The most consequential misreading of GHS05 runs in the other direction: a product labeled only with H290 is corrosive to metals but may be harmless to intact skin, while a product with H318 can cause permanent blindness despite handling gently on skin. Battery acid, drain cleaners, plating baths, and alkaline degreasers all carry the same pictogram for different reasons. Site training should teach workers to pair the symbol with its H-statements rather than treating every GHS05 container as identical.

Frequently Asked Questions

Does the GHS05 pictogram always mean the chemical burns skin?

No. GHS05 covers three classifications: skin corrosion (H314), serious eye damage (H318), and corrosivity to metals (H290).

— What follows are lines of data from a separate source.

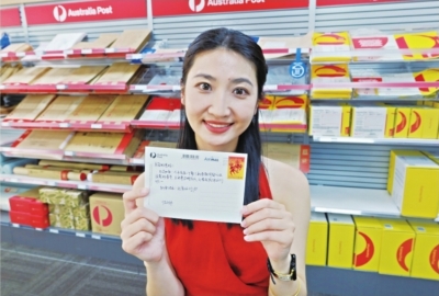 在澳大利亚堪培拉,新华社记者手举写给远方父母的明信片,上面贴有马年邮票。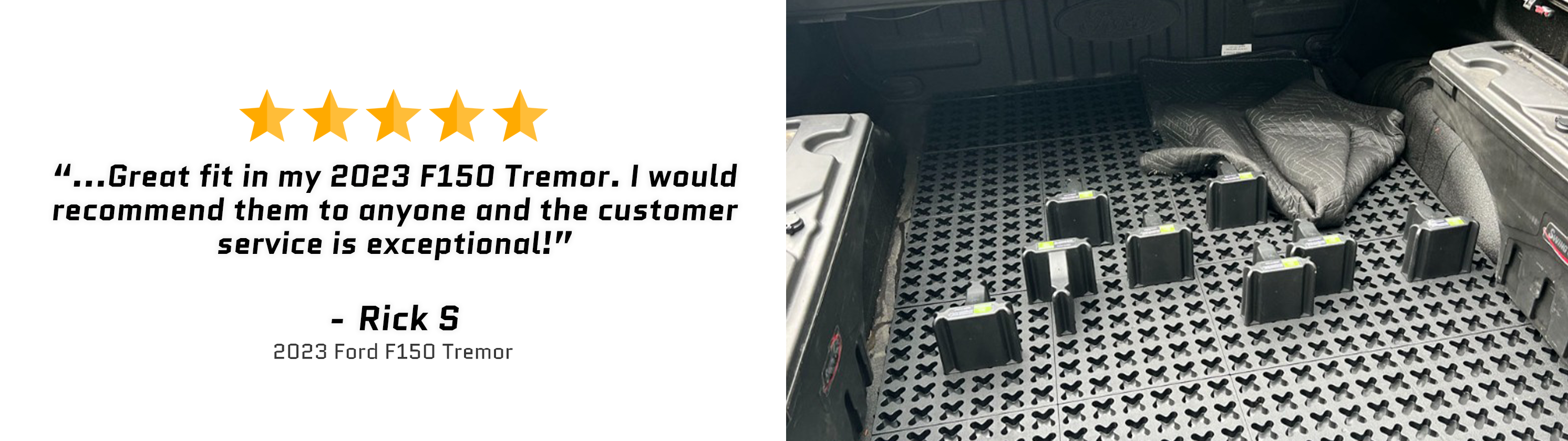 I know this is a new product so ill be gentle. Assembly gets an A+ As far as the fit, i am installing on a 2023 Chevy Silverado 1500 short bed 5’-9” . If you install it the way they show you every time you turn, even with a load, this will slide 6” to the left or right. Now i know the diagram is a general reference so you will need to customize it. For this install everything i needed was included. See pictures attached for the best way to see what i am talking about. I would like them to make some 6”x4” pieces or some oddball sizes to accommodate some of the gaps. I know each truck is different but this would solve some issues. So to customize i just used my sliding miter saw with a trim blade. If you go slow and methodically you will get a perfect cut. I also see on there web page they have new bucket holders, but cannot find to buy. I will hold off for now on some of the accessories as i see some are just 3D printed to test. Hopefully they will get into better production. Just got this for Christmas so ill have to do an update in the future. SEE PICTURES before and after customization. TOTAL BUILD TIME EVEN WITH CUSTOMIZATION was about 30 minutes.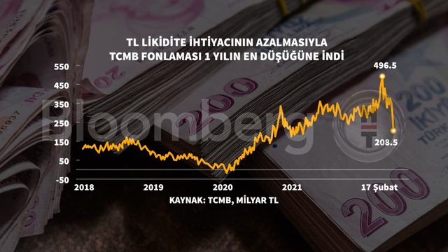 Fonlamada kademeli bir düşüş görülürken, 17 Şubat itibariyle net fonlama 208,54 milyar TL'ye geriledi.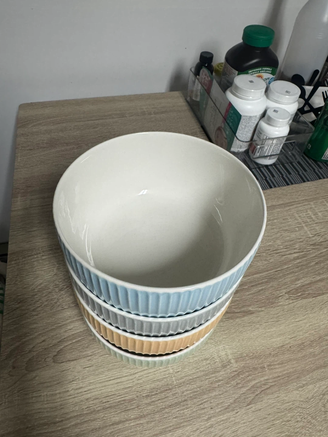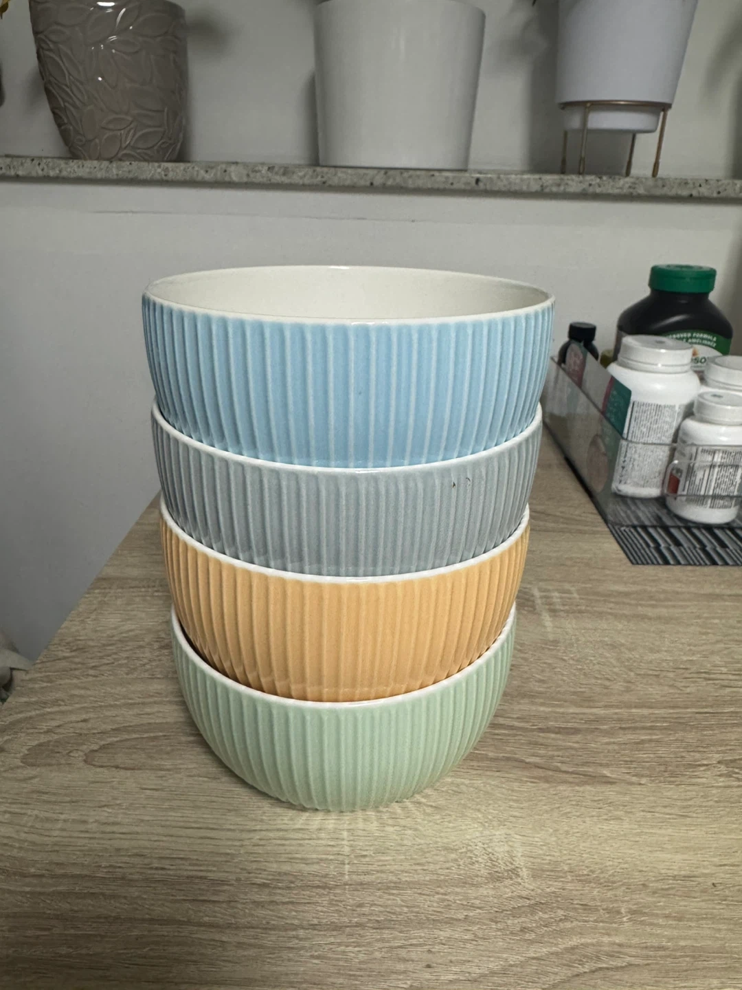 This is a set of four ceramic serving bowls. They feature a ribbed exterior design and come in pastel blue, grey, orange, and green colours. Made from durable ceramic material.

A product carrying only H290 attacks steel and aluminium but may not injure skin, while a product with only H318 threatens eyes more than skin. Always read the hazard statements next to the pictogram to know which of the three applies.

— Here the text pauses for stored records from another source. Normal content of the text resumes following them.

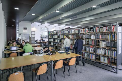 Dans le cadre du projet de restructuration de la bibliothèque de Sciences Po Rennes, l’entièreté de la collection de l’établissement a été déplacée à l’ancien Restaurant Universitaire situé au 106 Bd de la Duchesse Anne.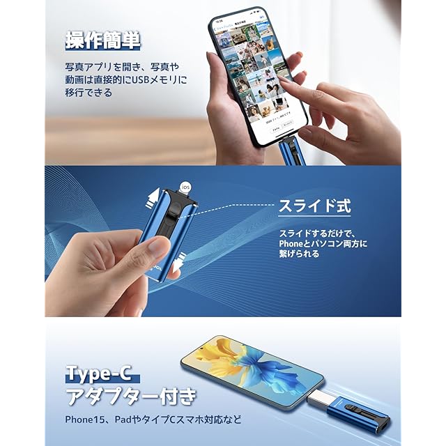 【専用アプリ不要 データ移行簡単】Phone対応 USBメモリ128GB 4in1 phone データ保存 iOS/Type-C/USB/Micro usb搭載 phone 写真バックアップライド式 タイプc usbメモリ phone 外付けストレージ Phone/Pad/PC/Macbook/Android対応 携帯容量不足解消 ブルー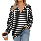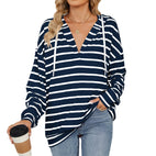 Este suéter con capucha a rayas une confort casual con un diseño moderno. Su ajuste holgado permite moverte con libertad y la capucha añade estilo y practicidad. Confeccionado con un material suave, resulta placentero al tacto y es ideal para relajarte, usar a diario o descansar en casa. Combinable con jeans, leggings o shorts, esta sudadera es un añadido versátil para cualquier look informal.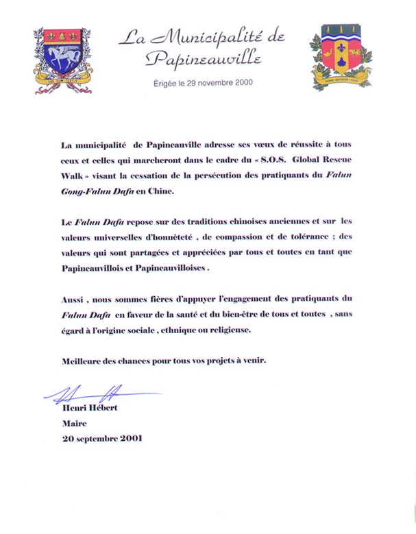 加拿大魁北克省帕皮纽维尔(Papineauville)市市政府向所有进行“全球SOS紧急救援步行”的、向为制止中国迫害法轮功修炼者而参与步行的女士们和男士们表示祝愿,祝愿步行成功。法轮大法是建立在中国久远的传统和包罗万象的真善忍价值上;这些价值被作为帕皮纽维尔(Papineauville)市所有的男女市民所分享和珍惜。

What is the difference between GHS05 and the GHS07 exclamation mark for irritation?

Severity and reversibility. GHS05 marks corrosion — irreversible tissue destruction (H314) or serious eye damage (H318). GHS07 marks irritation — reversible redness, swelling, or discomfort (H315, H319). The two never appear together for the same skin or eye endpoint: both OSHA HazCom and EU CLP require the exclamation mark to be dropped for irritation when the corrosion pictogram is present.

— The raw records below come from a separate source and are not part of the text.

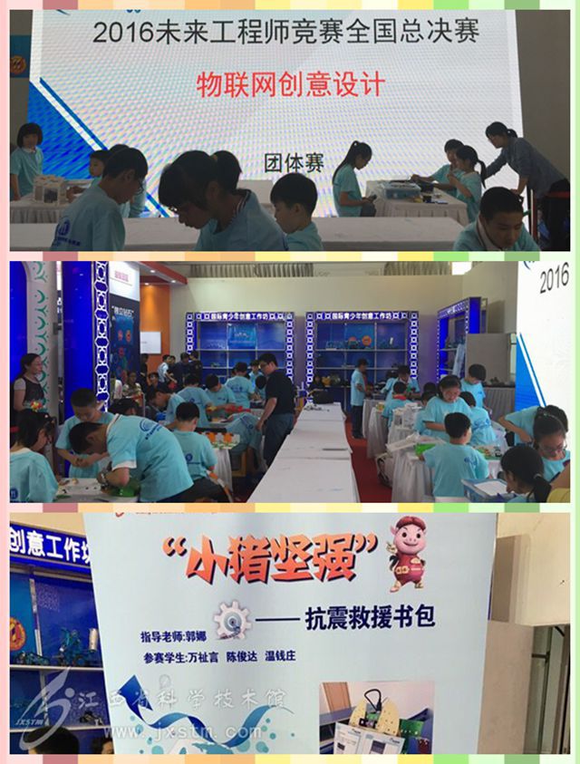 我馆动态 发布时间:2016/6/14 16:40:29 访问量: 2016年5月全国科技周活动期间,第十一届全国青少年未来工程师博览与竞赛总决赛在北京民族文化宫拉开帷幕。经过物联网创意设计大赛地区选拔赛的角逐,我馆比特实验室三位学生成功晋级总决赛,并以自主设计的“小猪坚强——抗震救援书包”赢得一等奖。这是我馆首次组织学员参与大赛,并从全国40个优秀团体中脱颖而出获得该奖项。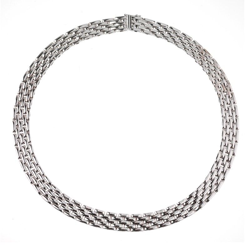 in oro bianco 18kt, realizzata a fascia morbida e composta da una serie di maglie concatenate, punzoni 750 e del fabbricante, lungh. cm 40, gr. 84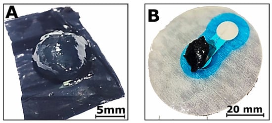 (A) Hybrid CNT hydrogel: SignaGel + 1% CNT (acetone) and (B) Hybrid CNT hydrogel: SignaGel + 1% CNT (acetone) on the electrode.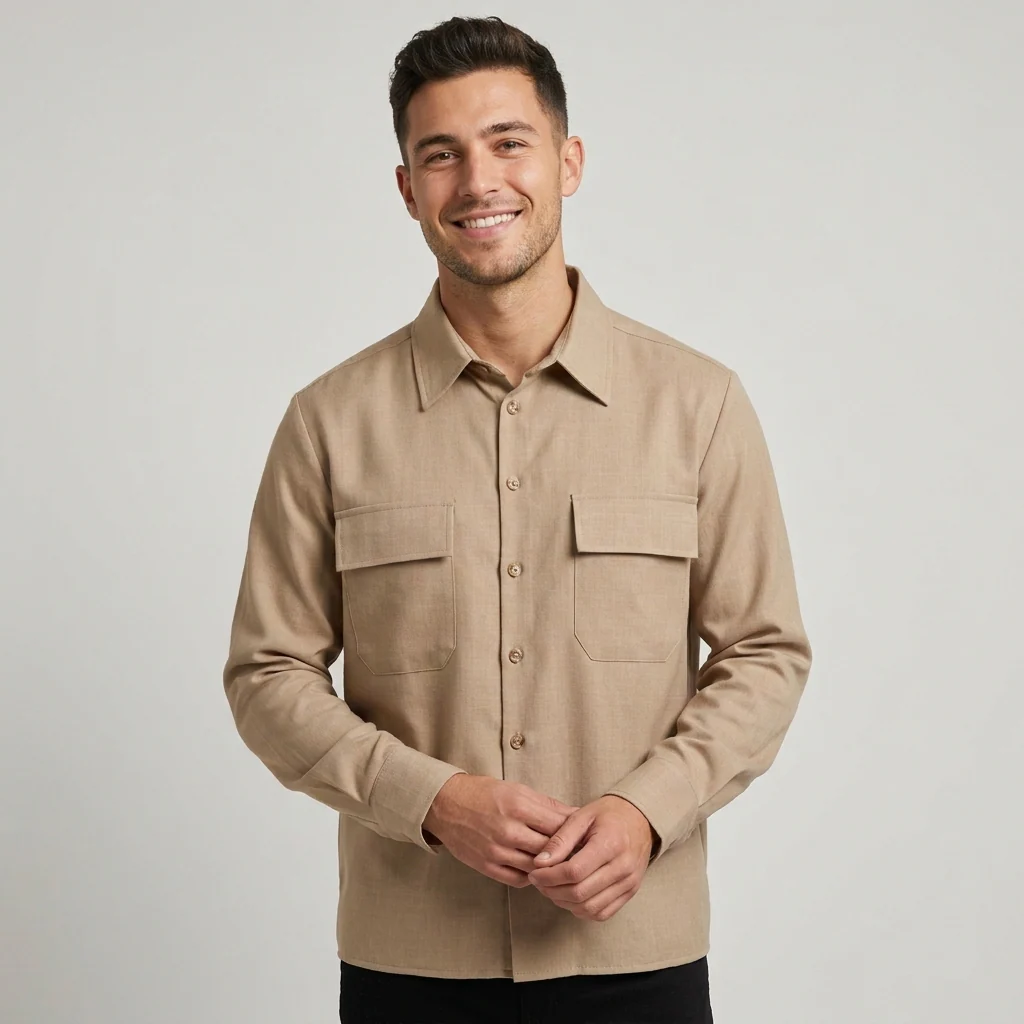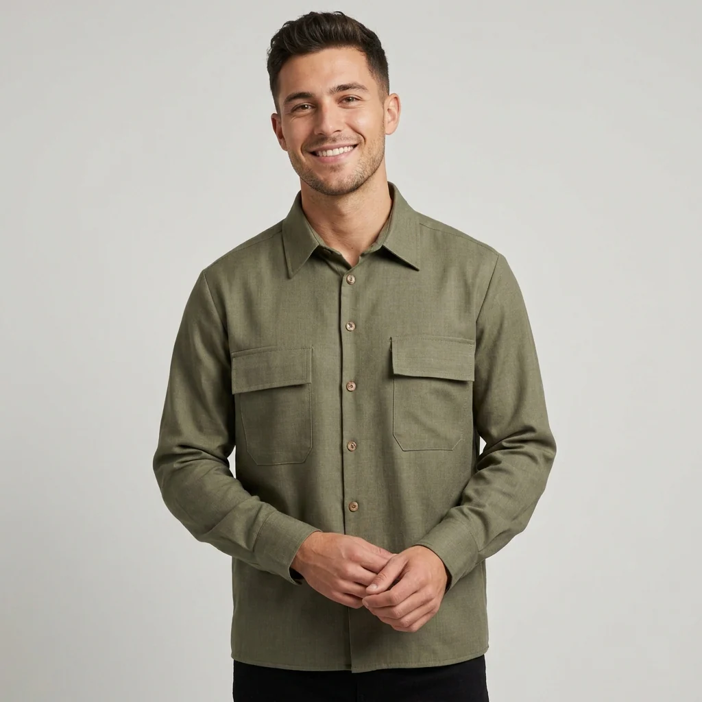 Camicia uomo modello overshirt. Colletto piccolo, chiusura con bottoni in tinta, taschine applicate sul petto. Vestibilità ampia. Crea il completo con il pantalone abbinato. Composizione tessuto 97% poliestere 3% elastan.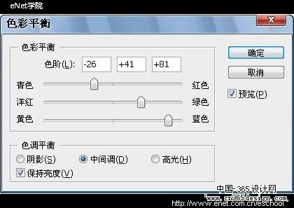 | 2、选择【女孩】图层,按【Ctrl+B】键执行色彩平衡命令,参数设置如下图所示。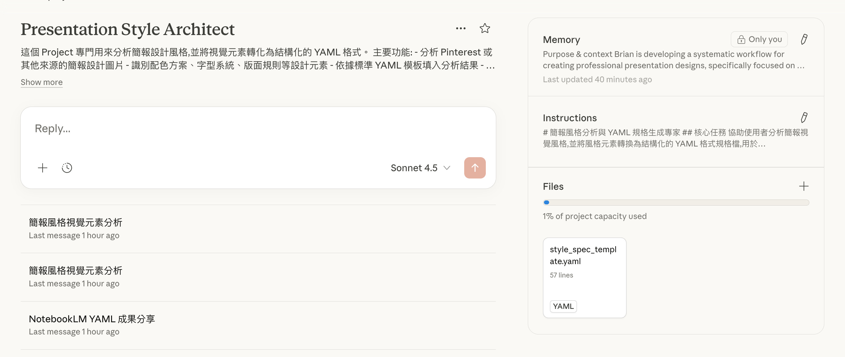 當 AI 分析完參考圖的風格元素後,你會來回跟 AI 討論想要的感覺是什麼。這時,討論內容串可能會很長,但你不用一個個去對格式來填入 YAML——請 Claude Project 幫你整理就好。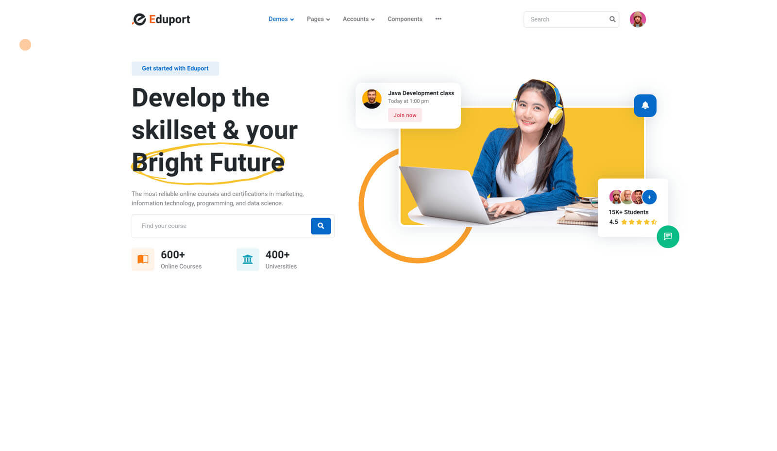 Eduport comes with many Hero(banner) styles. Click on below images to view design and code.

Do I need an emergency eyewash station for GHS05 chemicals?

In the US, almost certainly yes where exposure is possible: 29 CFR 1910.151(c) requires suitable facilities for quick drenching or flushing of the eyes and body wherever a person may be exposed to injurious corrosive materials, and ANSI Z358.1 is the accepted design benchmark, including its 10-second reach guideline. Comparable duties exist in the EU through workplace risk-assessment obligations. The classification on the label is the trigger for assessing the need.

Why do some corrosive products show GHS05 for metals only?

Because corrosive to metals is its own Category 1 classification with the statement H290 and signal word Warning. Products such as certain descalers and brine-based formulations can degrade metal containers and equipment without meeting the criteria for skin corrosion. The pictogram protects storage integrity: H290 materials need compatible containers, drip containment, and separation from unprotected steel racking.